Sunday, November 17, 2013

7/06/07

There are gifts of many treasures,
For both the young and old,
From the tiniest little trinkets,
To great boxes filled with gold.

But, put them all together,
And they could not stand in lieu,
Of the greatest gift of all,
The gift of knowing you

When your times are filled with troubles,
Sadness, grief, or even doubt,
When all those things you planned on,
Just aren't turning out.

Just turn and look behind you,
From the place at which you stand,
And look for me through the shadows
And reach out for my hand.

I will lift from you your burden,
And cry for you your tears,
Bear the pain of all your sorrows,
Though it may be for a thousand years.

For in the end I would be happy,
To have helped you start anew,
It's a small price to pay,
For the gift of knowing you.


Was it really?

Thursday, November 14, 2013

Shaam Dhallay



Aaj tanhai kisi humdum'e deirien ki tarah
Karnay aai hai meri saaki qari shaam dhallay
Muntazir baithay hain hum dono ke mahtaab ubhray
Aur tera aks jhalaknay lagay har saaey ta'lay...

I played hundreds of games of solitaire, because I could not sleep. I could deal with the days. I could deal with the worries and the self doubt and the pity - I could survive the days. It's the nights that I couldn't get through. 

At night, when the world is quite, silence pushes you to remember and analyze and think and question. The feeling of loss is intensified by solitude. In the dark, my present melts away to leave only static, and pieces of the past. The future mocks me. I am not so sure of myself in this dark, not as certain of my fate. I miss you.    


Loneliness, like a companion of old
Visits me, as the sun sets, to pour my wine; 
We sit together, waiting for the moon to rise 
And for your image to reflect in every shadow

                                                                                                                             Faiz Ahmed Faiz

Tuesday, November 12, 2013

Infinite.


For ever and ever, we say when we're young, or in our prayers. Twice we say it. Old One, do we not? For ever and ever... so that a thing may be for ever, a life or a love or a quest, and yet begin again, and be for ever just as before. And any ending that may seem to come is not an ending but an illusion. For Time does not die, Time has neither beginning nor an end, and so nothing can end or die that has once had a place in Time.

- Susan Cooper

Youth



Catching your eye, falling in love,
Holding your heart, moving apart;
Violins for love, soft and blue
Drums of loss, loud but true
Questions, hope, regrets and mistakes
The willingness to put it all at stake

Over and over and over again.

MT - Nov 2013





Aao ke karein bazm pe zar zakhm numaaya'n
Charcha hai bohat baysar'o samaan'iey dil ka

Saturday, November 9, 2013

My favorite time to blog...

... is right before an exam or a test.

Sunday, November 3, 2013

Loneliness petrifies me

 

Jab teri samander aankh'on main
Iss shaam ka sooraj doobay ga
Sukh so'ein ge ghar darr waalay
Aur raahi apni rah le ga
Aur raahi apni raah le ga...


Friday, November 1, 2013

Questions and Answers


These two years could be very good for me.
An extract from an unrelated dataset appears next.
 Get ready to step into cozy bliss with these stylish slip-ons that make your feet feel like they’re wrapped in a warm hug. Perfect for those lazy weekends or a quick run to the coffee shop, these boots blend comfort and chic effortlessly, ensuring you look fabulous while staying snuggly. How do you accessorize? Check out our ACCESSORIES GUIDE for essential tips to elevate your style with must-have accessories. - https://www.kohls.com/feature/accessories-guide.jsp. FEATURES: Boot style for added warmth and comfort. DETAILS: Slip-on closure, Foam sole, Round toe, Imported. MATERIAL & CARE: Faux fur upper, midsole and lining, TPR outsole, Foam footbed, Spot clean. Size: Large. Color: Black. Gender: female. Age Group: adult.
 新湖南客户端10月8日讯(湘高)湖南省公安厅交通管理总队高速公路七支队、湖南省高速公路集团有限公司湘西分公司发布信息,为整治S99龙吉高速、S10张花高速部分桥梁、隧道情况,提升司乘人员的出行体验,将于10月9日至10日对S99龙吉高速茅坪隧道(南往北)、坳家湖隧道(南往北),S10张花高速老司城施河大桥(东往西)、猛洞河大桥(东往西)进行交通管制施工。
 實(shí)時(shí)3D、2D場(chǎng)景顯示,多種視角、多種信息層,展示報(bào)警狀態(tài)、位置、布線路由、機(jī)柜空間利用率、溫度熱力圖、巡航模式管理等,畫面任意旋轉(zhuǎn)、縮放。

For the last twenty-four years I've loved at home: close to all the people I love, surrounded by my family, supported by my friends. I have lived a very busy, full and amazingly satisfying life, accomplishing a lot. But the journey has not been mine alone. In fact, I'm almost unapologetically dependent on my support group, nearly bordering on neediness. Does it help that I recognize it? Maybe. Maybe not.

When mom pushed me to apply for the Fulbright she wanted me to get an opportunity to 'see the world': see places I may never be able to see otherwise, experience the life I will not be able to experience once 'real life', with all its complications and restrains, started - job, marriage, babies, all that jazz. If it were up to me, I would probably never have applied, which just highlights how complacent I was, cosy in my comfort zone.  
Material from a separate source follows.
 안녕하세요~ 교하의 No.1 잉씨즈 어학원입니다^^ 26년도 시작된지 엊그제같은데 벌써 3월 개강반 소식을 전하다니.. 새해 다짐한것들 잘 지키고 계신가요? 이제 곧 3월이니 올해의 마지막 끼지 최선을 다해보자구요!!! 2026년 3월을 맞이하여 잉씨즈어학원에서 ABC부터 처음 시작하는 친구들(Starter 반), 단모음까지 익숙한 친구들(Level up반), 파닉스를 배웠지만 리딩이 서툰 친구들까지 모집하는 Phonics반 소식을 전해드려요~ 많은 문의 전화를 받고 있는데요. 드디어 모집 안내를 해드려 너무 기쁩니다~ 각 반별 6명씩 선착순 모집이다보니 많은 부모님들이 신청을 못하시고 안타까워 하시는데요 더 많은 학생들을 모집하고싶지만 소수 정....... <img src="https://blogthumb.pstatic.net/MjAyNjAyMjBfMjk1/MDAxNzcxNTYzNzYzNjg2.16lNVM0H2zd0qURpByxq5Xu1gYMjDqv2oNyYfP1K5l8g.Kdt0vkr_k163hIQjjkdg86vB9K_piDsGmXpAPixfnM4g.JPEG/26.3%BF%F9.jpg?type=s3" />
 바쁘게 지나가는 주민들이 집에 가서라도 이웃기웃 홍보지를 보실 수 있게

Now that I'm out of my own little ecosystem, though, it's not just the world that I'm seeing, but myself too. It's a brand new start, a completely different dynamic, light years away from my real life. Sometimes I feel like a silent spectator, watching myself navigate through this strange and unfamiliar world. I'm free of my past and no one, including myself, knows the future. All I have to account for is my present. I can see myself act and react, and watch as I form tremulous new relationships and establish links with people I could never have imagined meeting. My every action can be, and is, questioned by these strangerfriends who are just getting to know who I am. And sometimes this leads to me questioning myself.


Have you ever wondered:

Why you are who you are
Why you do what you do
Who you want to be
What you want to do
Where you want to go
How can you get there

I wonder every day, and every day I find new answers.
It's a painful process. It's absolutely wonderful.